Connor saw me through the mountain of losing Rhiannon, and he was with me when we found out we were pregnant for a third time.  It was a surprise, but a happy one.  I only stilled when the ultrasound tech told us the due date: January 19, the same date Rhiannon had been due. 
But that stillness eventually gave way to joy when we heard the baby’s heartbeat and saw on the monitor little movements from the tiny baby curled into a ball.  We took those priceless first pictures with us, and I proudly showed them to my co-worker, one of only a few people who knew this little sweet secret.  I suggested the name January to Mark, and he liked it. 

In the early stages of pregnancy, one goes in for checkups about once a month.  When I went in for my second, the doctor ran the little portable monitor over my still-flat stomach.  And he couldn’t hear a thing.  He was kind, told me everything should be fine, but that he was sending me down the hall to the ultrasound room because he was having just a bit of trouble finding the heartbeat. 

A bit of trouble. 

I gathered my things and went down the hall where I sat on a bench.  I’d worn pink that day—a faded top and earrings.  It was a subconscious decision but was it a premonition?  Was this baby a girl?  I prayed that she (or he) was fine, the way I’d frantically pray in math class the day we got tests back. 

“I’m sorry,” the tech said as she removed the wand, the same kind that the previous tech had used to tell me she didn’t see a pregnancy.  I hate those wands. 

The doctor called it a missed miscarriage as I sat across from him in his office minutes later.  Just like that, January was gone.  He or she had died peacefully, nestled in my womb, but my body had trouble believing it, just as my mind did at that moment, and therefore still carried my child inside of me, still released hormones that made my emotions and breasts sensitive.
I accepted the doctor’s hug and looked at the floor as enormously pregnant women discreetly looked my way, probably curious as to why I was in silent tears, probably correctly guessing why, and most likely grateful it wasn’t them.

I was still holding Connor when  Mark came in with Papa John’s pizza and cheese sticks—my favorite—for dinner hours later, this one little thing he felt he could do to help me out.  We’d had Papa John’s for dinner at one a.m. after our emergency room visit two years prior, I’d considered.

A few days later I went in to have a dilation and curettage.  It was still dark when I arrived at the same wing of the hospital where I’d had Connor.   The nurses were kind, speaking in kind of hushed tones as they stuck a needle in my arm and wheeled me to a room I hadn’t been to in my visit before.  It was all white and lights, colder and more sterile than the room where I’d had Connor.  I hadn’t had a reason to be in this room before.  This was a place to lose a child, not to have one.
I watched the ceiling as they pushed the medicine into the needle in my hand and when I awoke, January was gone.  I mumbled through sleep and anesthesia, asking if they could tell whether it was a boy or a girl.  The nurse shook her head sadly as she helped me off the bed.  She probably had to answer that question a lot. 

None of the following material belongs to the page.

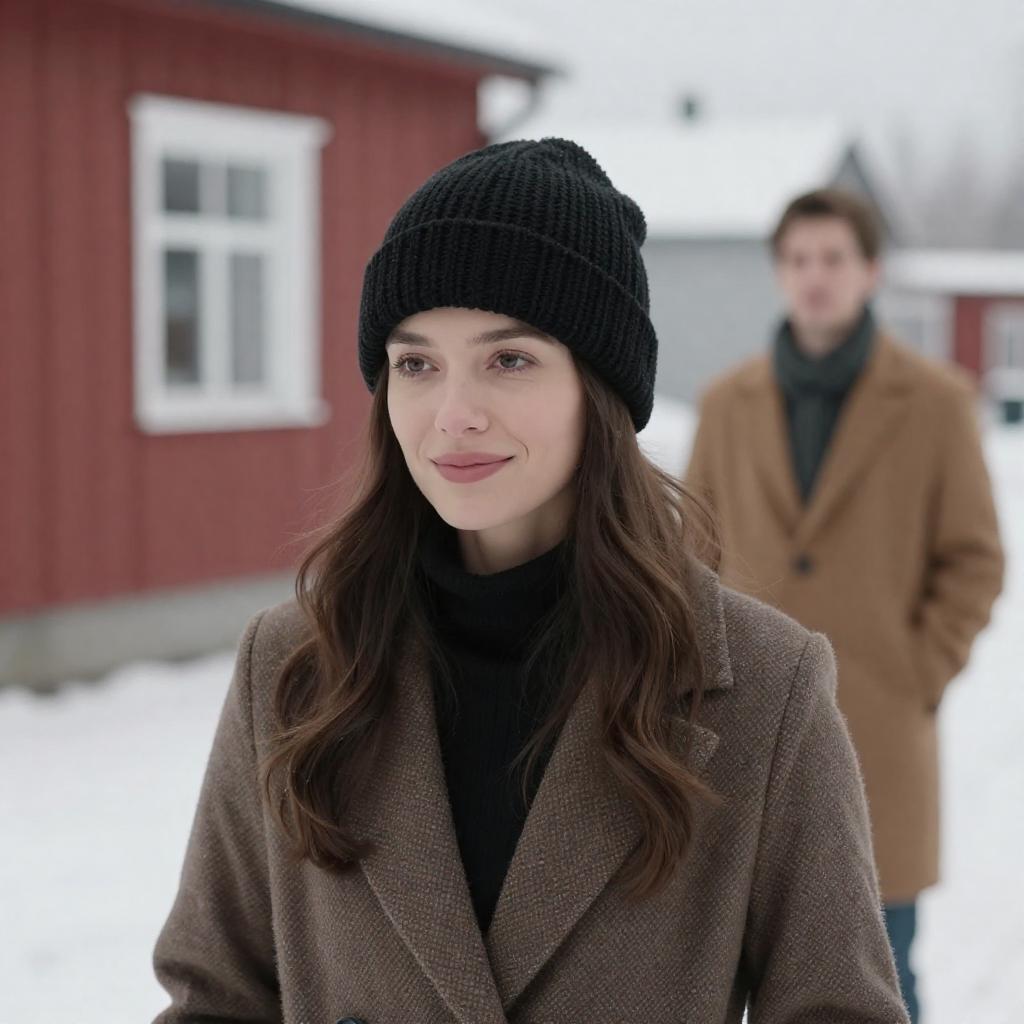Photograph of a smiling teenage girl with light skin and brown hair, wearing a white knit hat, red coat with a fur-trimmed hood, gray gloves, and blue jeans. She holds a glass mug in both hands. In the background, a person in a red Santa hat stands slightly out of focus. Snow-covered ground and a wooden structure are visible. Another person in a dark shirt is partially visible. The girl's expression is joyful, and she is slightly turned to the side.

That night and for several nights after, I fell asleep on a pallet in Connor’s room, right next to him, and we ate a lot of takeout.  I returned to work a few days later and found some peace lilies on my desk.  The grief wasn’t mine, alone, this time, though it did linger with me for a long time, just like it had with Rhiannon.

It took my body a long time to readjust, too.  This pregnancy wasn’t released, like before, but rather taken from me, and so the weight gain and the hormones, the sensitivity, and the pain, both physical and emotional, stayed right where they were for a long time.
Until one day they weren’t.  I eventually began cooking for my family again.  I went jogging like I used to.  I saw movies with Mark, read novels, took Connor to the park and out for ice cream, worked on my new stories. 

And about eight months later, I was pregnant with my sweet Lydia.

So, we never got to meet Connor and Lydia’s siblings.  Those prayers went unanswered, but God did answer my prayers about Connor and Lydia, proving that He knows, of course He knows, what He’s doing.  We’ll get to meet them eventually. 

It’ll just be a little later than I’d originally hoped.